Writer: Katie Mancino
EXTRA CHEESY BAKED ZITI
6 oz dry penne pasta
1 1/4 cup tomato garlic sauce
1 cup fat free ricotta cheese
1 cup reduced fat Italian Cheese Blend
1/2 medium eggplant, cubed
1 large zucchini, cubed
1. Prepare pasta according to directions on package. You can also use the microwave (cover it with water and cook on high uncovered for 9-10 minutes). Cube vegetables.
2. Combine cooked pasta with tomato sauce, ricotta, 1/2 cup shredded cheese and the vegetables.
3. Load everything into a 9×9 baking pan and pack it down.
4. Cover the top with the remaining 1/2 cup of shredded cheese.

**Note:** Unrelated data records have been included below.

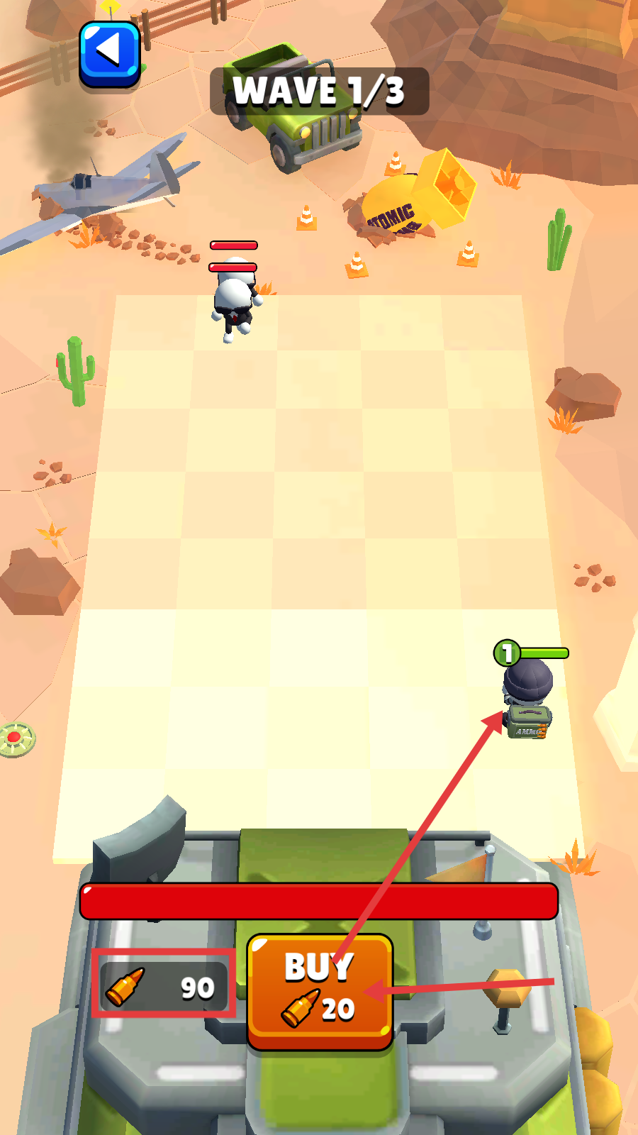 2、战斗中关注底部【子弹数(如90)】,点击【BUY】消耗子弹(如20)购买单位,部署在路径上拦截敌人,应对【WAVE1/3】首波攻势。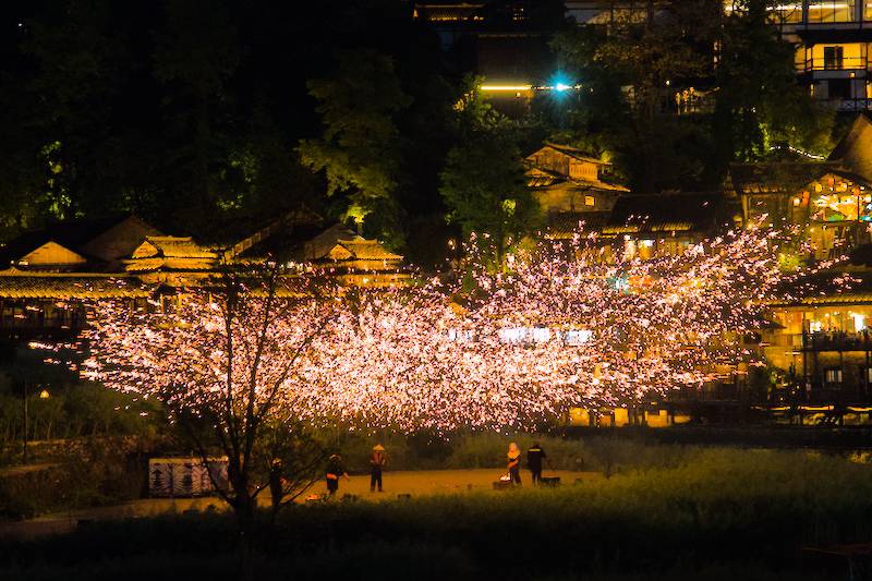 As night fell, the drone show commenced, accompanied by vibrant Da Tie Hua (打铁花) molten iron performances along the river. The lights shimmering on the water and the reflections all around created a beautiful, almost dreamlike atmosphere.
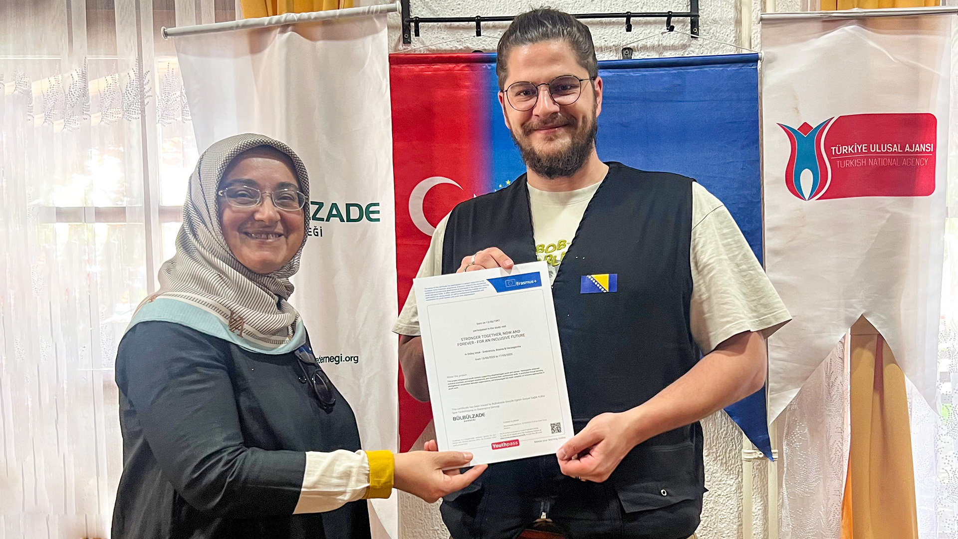 Bülbülzade Derneği tarafından yürütülen Erasmus+ KA151 Gençlik Çalışanları Hareketliliği “Birlikte Daha Güçlüyüz, Şimdi ve Daima- Kapsayıcı Bir Gelecek İçin” projesi kapsamında gönüllülerimiz, Bosna Hersek’te faaliyet gösteren IFS EMMAUS’a bir çalışma ziyareti düzenledi. Gaziantep’ten Mozaik Derneği, AKADDER, Semti İbrahimli Derneği’nin de ortağı olduğu projenin hareketliliği 13-17 Mayıs 2025 tarihlerinde Bosna Hersek’in Srebrenitsa ve Doboj şehirlerinde gerçekleştirildi.

5. Bake at 375* for about 30 minutes until cheese begins to brown.
Makes 4 servings
310 calories, 46 carbs, 6g fat, 21g protein
“With 2 cups of cheese in just 4 servings this baked ziti dish comes out creamy and delicious. It’s loaded with chunks of eggplant and zucchini for a truly enormous portion size! Healthy food doesn’t mean sacrificing taste or flavor, it just means getting creative!”
Extra Hearty Minestrone
1 white onion, chopped
1 red onion, chopped
1 cup carrots, cubed
1 cup celery, cubed
6 cloves garlic, chopped
4 small tomatoes, diced
1 medium potato, cut into small cubes
1 can red kidney beans
1 can white beans
1 small head escarole, chopped
2 medium zucchini, cut into 1/4 round slices
3 cups low sodium vegetable broth
2 cans diced tomatoes
1 package baby bella mushrooms
5 oz spaghetti, broken into 1 inch pieces
4 Tbsp parmesan cheese
1 tsp salt
1/2 tsp garlic powder
1 Tbsp oregano
1. Cook onions, carrots, celery and garlic with 1 cup water for 5-8 minutes on medium heat until soft.
2. Add potato, tomato (fresh) and escarole; cook another 3-5 minutes, add another 1 cup water.
3. Add mushrooms, zucchini, beans, canned tomato and vegetable broth; cook 8-10 minutes.
4. Add about 6 cups of water and spices, cook another 10 minutes.
5. Add pasta, cook for 10 minutes then top off with more water.
6. Add parmesan, cook another 3-5 minutes, season to taste and enjoy!
Makes 9 servings (2.25 cups each)
201 calories, 43 carbs, 1g fat, 10g protein
“This is by far the best soup I’ve ever made! You can eat a full serving as part of a meal or have it as a half serving (pictured) as a snack! It takes about 1-1.5 hours but is honestly worth all the work and the recipe makes 9 full sized servings so your hard work WILL be rewarded! It’s super hearty & filling, with chunks of veggies like zucchini, carrots, mushrooms, celery, onion, tomato, there’s even a bit of potato in there!”